Background information
- Born: 17 April 1954 (age 72) Ankara, Turkey
- Genres: Turkish folk, blues, jazz
- Occupations: composer, score composer, musician
- Instruments: Fretless guitar, kopuz, bağlama, oud, cümbüş, yaylı tambur, Turkish tambur, violin, kemenche, erhu, bouzouki, bendir, tubular bell, Oğur sazı
- Years active: 1982–present
- Labels: Feuer und Eis, Kalan
- Member of: Telvin

= Erkan Oğur =

Turkish musician (born 1954)

Erkan Oğur (pronounced /tr/) (born 17 April 1954) is a Turkish musician. As pioneer of fretless guitars, he invented the first fretless classical guitar in 1976. As composer, he has influenced many musicians with his compositions combining the sounds of Turkish folk music and classical music with the ancient traditional music. He has played many concerts all over the world. He is regarded as a master of the kopuz and bağlama lutes.

==Biography==

Erkan Oğur was born on 17 April 1954, in Ankara, Turkey. He spent his childhood in Elazığ, eastern Turkey, where he became interested in violin and the Turkish bağlama lute, and started to practice them frequently. He graduated from high school in Elazığ, then moved to study physics at the Ankara University Faculty of Science from 1970 to 1973. As a result of encouragement to be a scientist by his father, he started to study physics engineering and in 1974 continued his education at LMU Munich in Germany, for three years. Oğur was introduced to guitar education in 1973. Instead of being a scientist, he chose to be a musician. Since he needed detailed sounds from a guitar in order to obtain Turkish melodies, he modified his guitar and invented the fretless classical guitar in 1976.
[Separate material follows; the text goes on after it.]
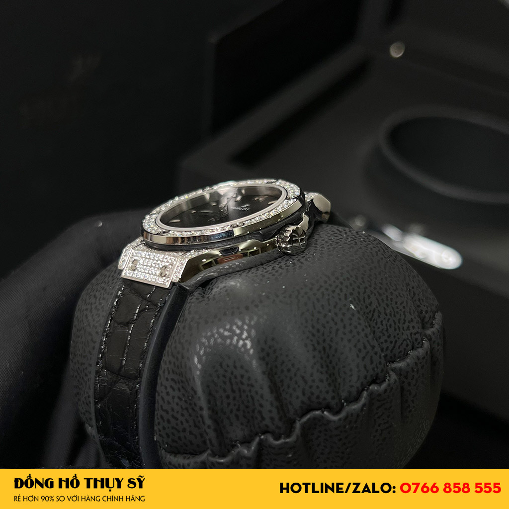 Thay vì chỉ làm từ chất liệu thép cao cấp không gỉ, phần vành bezel được các nghệ nhân tỉ mẩn đính từng viên đá kim cương san sát nhau đều đặn và hoàn hảo. Những viên kim cương nhỏ trải qua mài giũa phát ra ánh sáng lấp lánh đầy cuốn hút và mê hoặc. Dù có thiết kế khá đơn giản, nhưng chính nhờ đồng hồ Hublot like auth được đính full kim cương vành bezel nên có sức hút đặc biệt.

In 1980, he returned to Turkey, and started to study at the State Conservatory of Istanbul Technical University. After his military service, he worked as an oud lute teacher. He had live performances with Fikret Kızılok and Bülent Ortaçgil where he contributed to scene with fretless guitar. He released his first album in Germany called Arayışlar ("Searches"). In 1989, he went to the U.S. to work with numerous local blues artists, foremost of which was Robert 'One Man' Johnson. He introduced fretless guitar into blues. A year later, he released his first album in Turkey, Bir Ömürlük Misafir ("A Lifetime Guest"), which was ranked 4th in European lists. He still performs concerts through the world and in Turkey. Oğur works with Kemal Eroglu on technical improvements on bağlama lute; and continues his performances with Fahir Atakoglu and Bülent Ortaçgil. In 2004, he played on Yansımalar's album Pervane ("Moth"). He is a member of the Telvin trio, which mainly performs Turkish folk music in improvised jazz style, with İlkin Deniz and Turgut Alp Bekoglu, and has released an album called Telvin in 2006.

His soundtrack for the 2004 movie Yazı Tura by Uğur Yücel won two awards: the 2004 Golden Orange for Best Music at the Antalya Golden Orange Film Festival, and the 2005 award for Best Music at the Ankara International Film Festival.

==Discography==
Chronologically, subsections by the date of their first item:

- Early works and collaborations

- 1982 - Istanbul'da Bir Amerikalı
- 1983 - Perdesiz Gitarda Arayışlar - small-distribution cassette

- Soundtrack albums and collaborations (by film date)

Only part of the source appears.